Opportunistic invasive fungal pathogens cause over 6.5 million life-threatening infections and 3.75 million deaths per year worldwide. The number of deaths per year is greater than those attributed to either tuberculosis, malaria, or breast cancer or prostate cancer. Bloodstream infections caused by Candida species (candidaemia) are one of the most frequent life-threatening invasive fungal infections, with the majority caused by one species, Candida albicans.

C. albicans colonises the gut of most healthy individuals but does not usually cause serious disease because the physical barriers between our gut and the bloodstream, combined with our immune defences and the suppressive powers of the indigenous gut microbiota, prevent these infections. However, this opportunistic pathogen can cause serious, life-threatening disseminated disease when these barriers and defences are compromised (e.g. seriously ill patients in the ICU, during cancer chemotherapy or immunotherapy, organ/stem cell transplantation, or when the gut microbiota is disturbed), which renders us vulnerable to infections from the C. albicans that colonises our gut. It is estimated that there are >1.5 million cases of candidaemia and invasive candidiasis per year worldwide, with a treated mortality rate of 35% and untreated mortality rate of >95%. There is an urgent clinical need for the development of diagnostics and new therapies for invasive candidiasis which research in my group aims to address in innovative ways.
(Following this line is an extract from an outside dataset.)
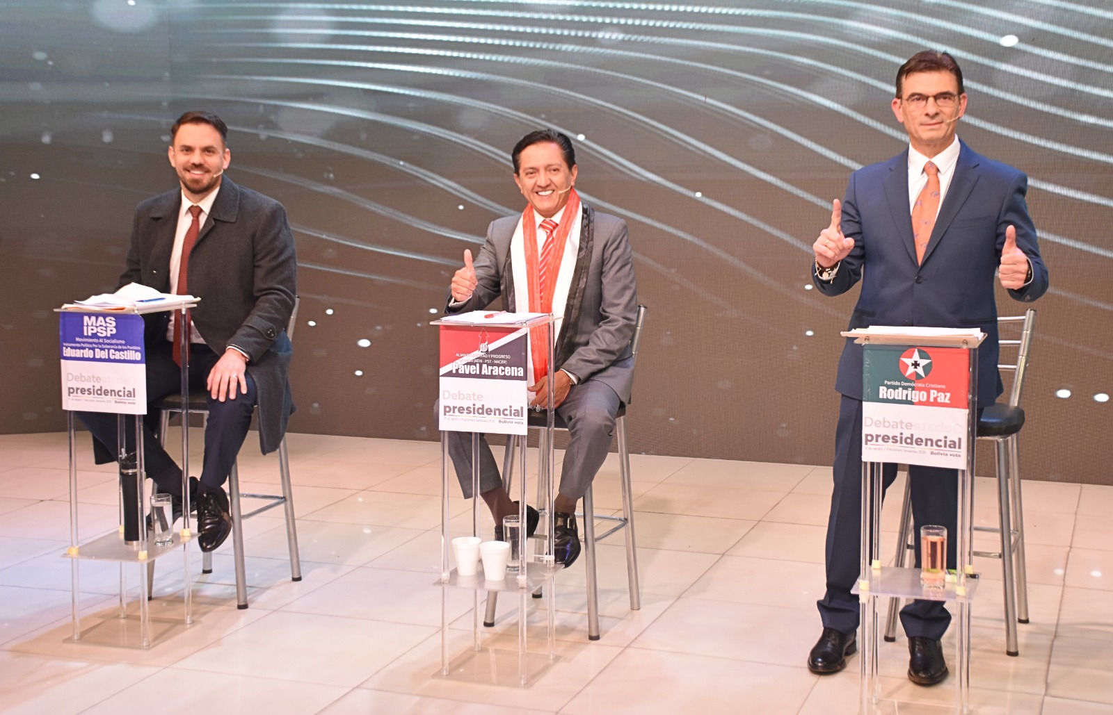 En el evento participaron el candidato presidencial del Movimiento Al Socialismo-Instrumento Político por la Soberanía de los Pueblos (MAS-IPSP), Eduardo del Castillo; Pavel Aracena candidato de Alianza Libertad y Progreso (ADN); y Rodrigo Paz, presidenciable del Partido Demócrata Cristiano (PDC).
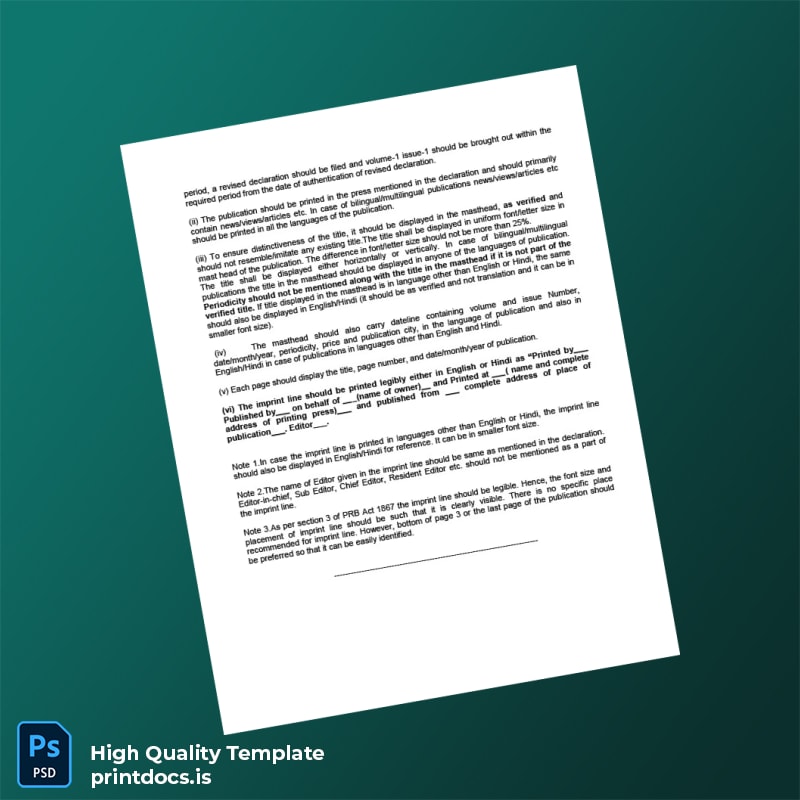 Unlock hassle-free documentation with the India RNI Registration Certificate Template (Word & PDF), designed to simplify and accelerate the process of obtaining your official registration certificate. Ideal for entrepreneurs, small business owners, and legal professionals, this editable certificate template offers a professional solution that saves time and ensures accuracy.

Cell wall structure and biosynthesis. I have been studying the cell and molecular biology of C. albicans for almost 20 years and have developed specific expertise in the biosynthesis of the C. albicans cell wall and its structure. My postdoctoral research was focussed on the regulation of the synthesis of chitin, an essential structural polysaccharide found in the cell wall almost all pathogenic fungi, but is not found in humans, and so represents an attractive target for antifungal drugs. Utilising state-of-the-art imaging techniques, I have investigated the precise ultrastructure of the C. albicans cell wall. These methods include high pressure freezing/freeze substitution, transmission electron microscopy and electron tomography. Determining precisely how the cell wall components are arranged, and how their arrangement changes as cells encounter different conditions, has informed the understanding of the innate and adaptive immune responses to fungi.

Development of antifungal polymers. In collaboration with Prof. Cyrille Boyer in the School of Chemical Sciences and Engineering at UNSW, and Dr Sascha Brunke at the HKI in Jena, Germany, I am developing novel antifungal polymers which resemble antimicrobial peptides with antifungal activity and determining their mode of action.

Gut fungi. I study the interactions between anaerobic gut bacteria and C. albicans with a view to developing microbiome-based therapeutics to prevent life-threatening infections from occurring.